# Our Annual Cape Scallop Run



## jjam (Dec 9, 2007)

For the last three years River Runner and I along with our family and friends have enjoyed a few days gathering scallops off the pristine grass beds of the St Joseph Bay. This year seemed to the best for scallops since my first time outing but I believe I said that last year…Maybe experience is the reason I dunno but seeing the crabs molt with the males in hot pursuit was an added bonus along with the other sea life presenting.
RR and I have arrived a day early for the last three years with boats in tow and the majority of the groceries that will feed our Motley Crew for the next three days...
First day we scout and scout till the scallop honey holes are nailed down and GPS numbers are dialed in. Now, the crew arrives on the second day evening and dinner is prepared as the excitement builds for the next day of scalloping...
After our crew is rolled out of bed the following morning and a trucker’s breakfast has been served, boats are loaded with enough food and refreshments for a full day as we are on a mission to get our limit of scallops. Around 2:30 p.m., our limit has been gathered and the scallop cleaning party begins along with ribbing of who did or did not fill their bag of the tasty morsels…By 3:30 p.m. with several freezer bags of fresh scallops shucked, we head to our favorite sand dollar hole and do the jitter bug dance on a shallow sand bar lifting the sand dollars to the surface with our toes until our sand dollar bags are full…We then race to our awaiting bay side dock and unload, shower and enjoy an evening of food and dance at a local er’ road side eatery that originally served as a gas station and store…A one man outside band has us all dancing the night away after our fill of oysters.

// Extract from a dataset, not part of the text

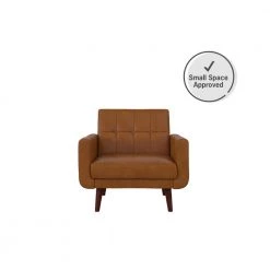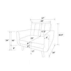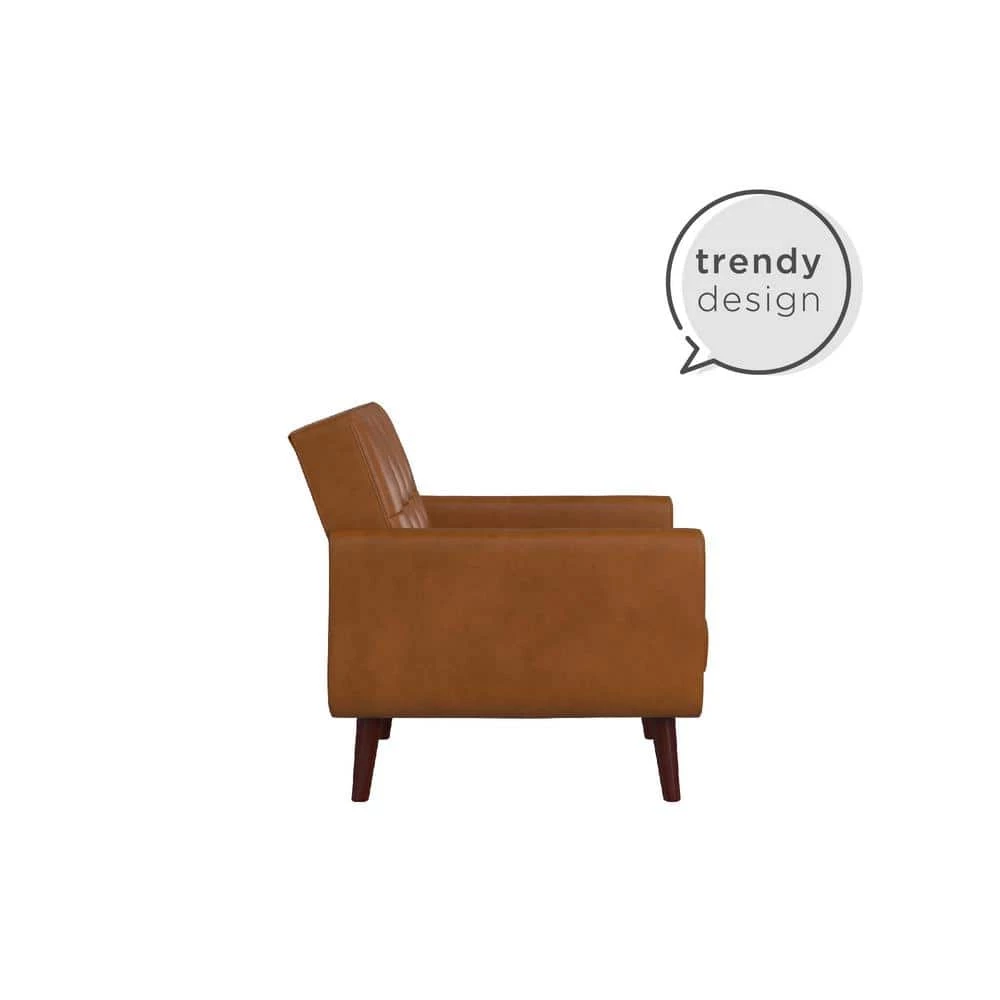 Step up the sophistication factor in your home with the DHP Fay Modern Chair. This dreamy accent chair will quickly draw eyes with its bold and unique appeal. Designed with a touch of mid-century flair, the Fay Modern Chair will help complete the look of any living space. Upholstered in chic faux leather, it features button-tufted detailing on its back. The tapered wooden legs add to its visual appeal and ensure stability and durability. Without compromising comfort for style – the Fay features wide track arms and seating ensuring you could sit, relax or stretch with complete ease. No matter its use, this accent chair is guaranteed to be an attractive addition to your home. Don’t forget to pair it with the matching DHP Fay Modern Futon for a truly unique living-room style. Can support up to 600lb in maximum weight and ships in one box. Little assembly requires make this furniture setup easy and fast. The Fay Modern Chair will not go unnoticed in your home.

Nothing better than a few days in the Cape to reset the mind…

My wife's camera became wet somehow during a down poor (she blames me cause the dry hatch leaked :blink and all I have are a few pics off my cell phone...My son Derek filmed some under water video I'll try to post later.

The view from our Bayside Porch over looking Pig's Island







T
he meadows of the St Joseph Bay with Black's Island in the distance 








My son Brett and his girl with our catch first dive








Some of the Motley Crew after a night of dancing and carrying on









Jimmy


----------



## lingfisher1 (Oct 9, 2007)

Looks like a fun time had by all. Glad ya'll enjoyed it Jimmy. :thumbup:


----------



## SHunter (Jun 19, 2009)

I remember last July around those Big Bend grassbeds the water was like being in a warm bath. Good to see how healthy the grasses still look. Wish there was more of that around Pensacola.


----------